▸ **HOW TO COMPLETE THIS TASK**:
Write out the line with "Y hay texto, sí." and every later line through the end of the data below, exactly as given, with no pictures in the copy.

** Opening COLLECTED DATA block **

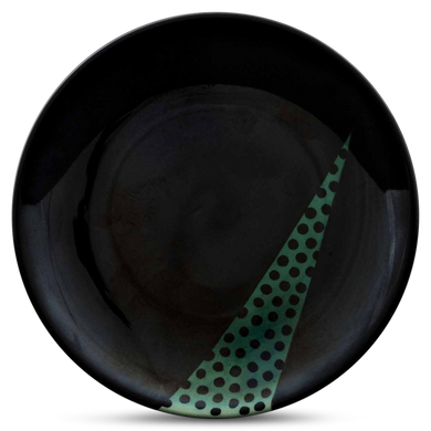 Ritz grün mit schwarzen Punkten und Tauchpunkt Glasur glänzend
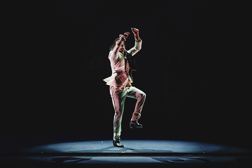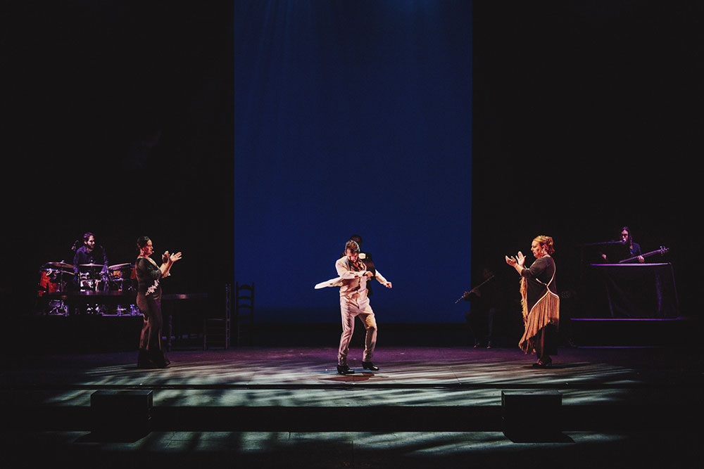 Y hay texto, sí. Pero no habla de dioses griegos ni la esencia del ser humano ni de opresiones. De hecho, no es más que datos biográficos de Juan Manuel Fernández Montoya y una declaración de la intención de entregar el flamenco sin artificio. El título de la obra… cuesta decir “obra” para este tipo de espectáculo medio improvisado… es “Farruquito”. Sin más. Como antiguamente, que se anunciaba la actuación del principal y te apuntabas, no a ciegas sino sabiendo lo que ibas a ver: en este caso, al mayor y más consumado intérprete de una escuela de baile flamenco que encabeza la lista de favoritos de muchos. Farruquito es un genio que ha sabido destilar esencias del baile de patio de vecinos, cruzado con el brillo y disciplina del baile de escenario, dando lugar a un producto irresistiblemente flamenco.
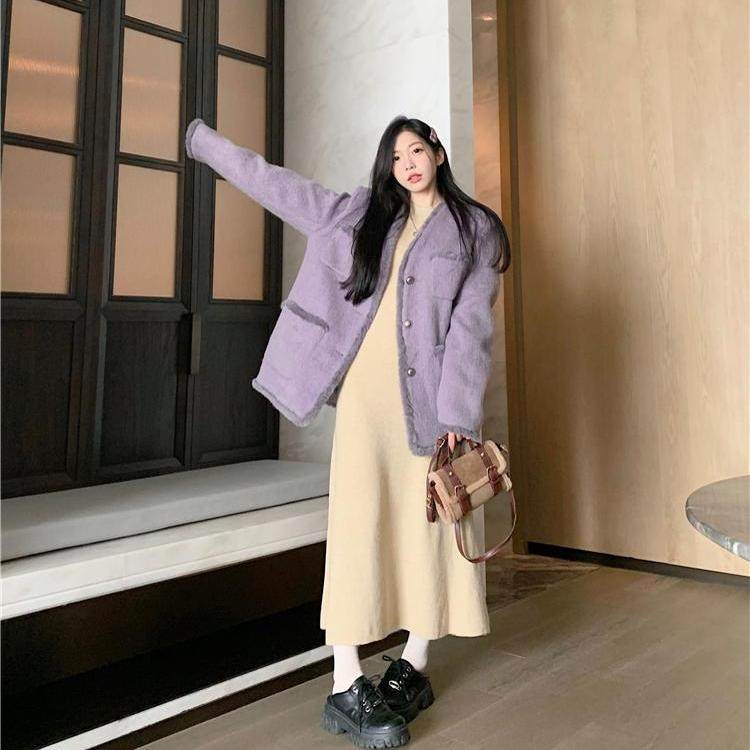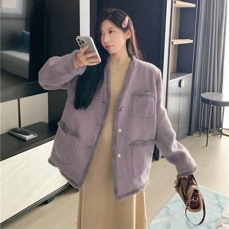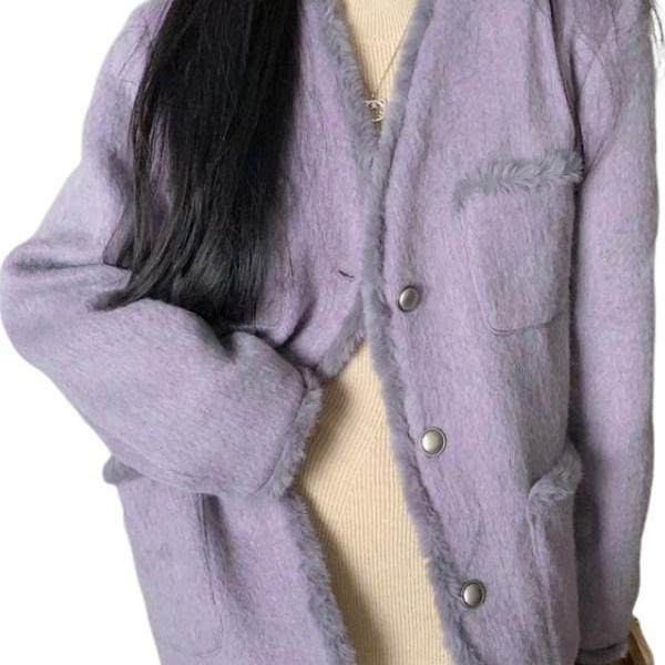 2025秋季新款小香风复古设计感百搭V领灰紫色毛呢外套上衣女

** Closing COLLECTED DATA block **

▸ **ANSWER TO THIS TASK**:
 Y hay texto, sí. Pero no habla de dioses griegos ni la esencia del ser humano ni de opresiones. De hecho, no es más que datos biográficos de Juan Manuel Fernández Montoya y una declaración de la intención de entregar el flamenco sin artificio. El título de la obra… cuesta decir “obra” para este tipo de espectáculo medio improvisado… es “Farruquito”. Sin más. Como antiguamente, que se anunciaba la actuación del principal y te apuntabas, no a ciegas sino sabiendo lo que ibas a ver: en este caso, al mayor y más consumado intérprete de una escuela de baile flamenco que encabeza la lista de favoritos de muchos. Farruquito es un genio que ha sabido destilar esencias del baile de patio de vecinos, cruzado con el brillo y disciplina del baile de escenario, dando lugar a un producto irresistiblemente flamenco.
 2025秋季新款小香风复古设计感百搭V领灰紫色毛呢外套上衣女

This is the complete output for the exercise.